REQUIREMENT -
An exact copy of the entries is needed, with every picture left out.
-------------------------
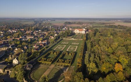 Aerial view of Hundisburg Palace and Baroque Garden in Saxony-Anhalt, Germany
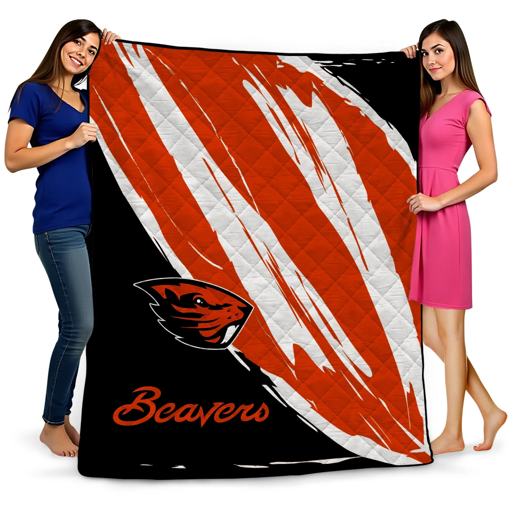 Wrap yourself in warmth and pride with the Oregon State Beavers Stroke Art Orange White Quilt Blanket from the Oregon State Beavers Blankets collection at Yes That Blanket. Made from 100% premium quilting-weight polyester blended with a touch of microfiber, this quilt offers a smooth, soft finish you’ll love. Choose between two quilting styles—Stipple or Diagonal—and enjoy the comfort of a cotton-filled layer inside that adds extra coziness for every season. The border is available in classic black or white, giving your design a clean, timeless edge.
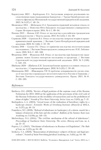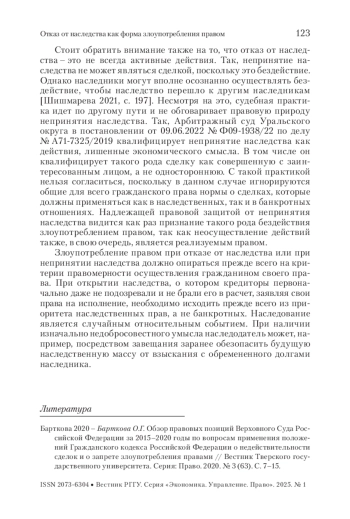 7. Фомичева 2019 - Фомичева Н.В. Отказ от наследства при банкротстве гражданина: поиск баланса интересов наследника и кредитора // Вестник Саратовской государственной юридической академии. 2019. № 5 (130). С. 148-151.
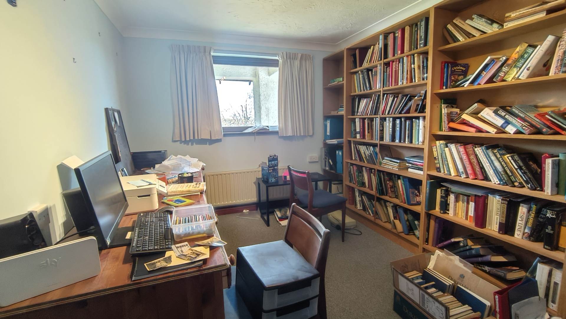 Good sized bedroom with a window to the front aspect. Radiator. Built in book shelving.
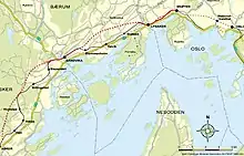 Sandvika Station is 14.14 km (8.79 mi) from Oslo S, at 12.0 metres (39.4 ft) elevation.[13] The track layout has been criticised by among others Norsk Bane, for not permitting high through speeds. A sharp curve before the station will not permit trains to travel at more than 80 km/h (50 mph), even if they are not scheduled to stop at the station. This will increase travel time, and hinder the efficiency of the line should it be used later for high-speed lines to Vestfold or Western Norway.[14] The proposed Ringerike Line would demerge just west of Sandvika Station.[5]
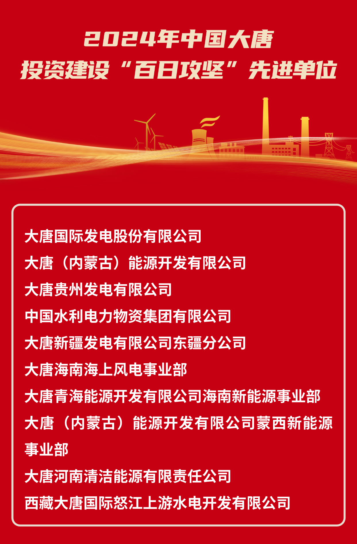 2024年中國大唐集團(tuán)有限公司投資建設(shè)“百日攻堅(jiān)”先進(jìn)單位
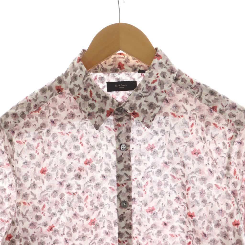 ポールスミス PAUL SMITH シャツ 長袖 花柄 麻 リネン混 L グレー 白 ホワイト 赤 レッド PL-DC-37345 /AN31 メンズ
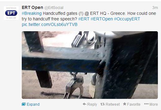 «Χειροπέδες στις πύλες της ΕΡΤ-Ελλάδα. Πώς θα μπορούσε κανείς να περάσει χειροπέδες στην ελευθερία του λόγου;»
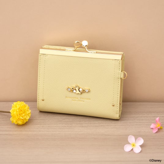 「クラリス」デザインの折財布は柔らかいイエローカラー。
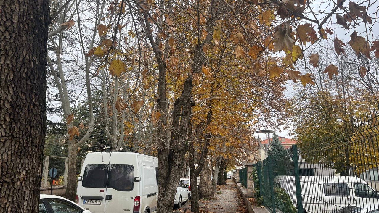 Odunpazarı ilçesi Kırmızıtoprak Mahallesi DSİ Sokak’ta sonbaharın son günlerinin güzelliği yaşanıyor. Diğer mevsimlerde de güzel bir görünüşe sahip olmasıyla bilinen sokak boyunca bulunan yaşlı ağaçların oluşturduğu manzara, adeta kartpostalları aratmıyor.
-------------------------
RESPONSE FOR THIS EXERCISE -
 Aerial view of Hundisburg Palace and Baroque Garden in Saxony-Anhalt, Germany
 Wrap yourself in warmth and pride with the Oregon State Beavers Stroke Art Orange White Quilt Blanket from the Oregon State Beavers Blankets collection at Yes That Blanket. Made from 100% premium quilting-weight polyester blended with a touch of microfiber, this quilt offers a smooth, soft finish you’ll love. Choose between two quilting styles—Stipple or Diagonal—and enjoy the comfort of a cotton-filled layer inside that adds extra coziness for every season. The border is available in classic black or white, giving your design a clean, timeless edge.
 7. Фомичева 2019 - Фомичева Н.В. Отказ от наследства при банкротстве гражданина: поиск баланса интересов наследника и кредитора // Вестник Саратовской государственной юридической академии. 2019. № 5 (130). С. 148-151.
 Good sized bedroom with a window to the front aspect. Radiator. Built in book shelving.
 Sandvika Station is 14.14 km (8.79 mi) from Oslo S, at 12.0 metres (39.4 ft) elevation.[13] The track layout has been criticised by among others Norsk Bane, for not permitting high through speeds. A sharp curve before the station will not permit trains to travel at more than 80 km/h (50 mph), even if they are not scheduled to stop at the station. This will increase travel time, and hinder the efficiency of the line should it be used later for high-speed lines to Vestfold or Western Norway.[14] The proposed Ringerike Line would demerge just west of Sandvika Station.[5]
 2024年中國大唐集團(tuán)有限公司投資建設(shè)“百日攻堅(jiān)”先進(jìn)單位
 ポールスミス PAUL SMITH シャツ 長袖 花柄 麻 リネン混 L グレー 白 ホワイト 赤 レッド PL-DC-37345 /AN31 メンズ
 «Χειροπέδες στις πύλες της ΕΡΤ-Ελλάδα. Πώς θα μπορούσε κανείς να περάσει χειροπέδες στην ελευθερία του λόγου;»
 「クラリス」デザインの折財布は柔らかいイエローカラー。
 Odunpazarı ilçesi Kırmızıtoprak Mahallesi DSİ Sokak’ta sonbaharın son günlerinin güzelliği yaşanıyor. Diğer mevsimlerde de güzel bir görünüşe sahip olmasıyla bilinen sokak boyunca bulunan yaşlı ağaçların oluşturduğu manzara, adeta kartpostalları aratmıyor.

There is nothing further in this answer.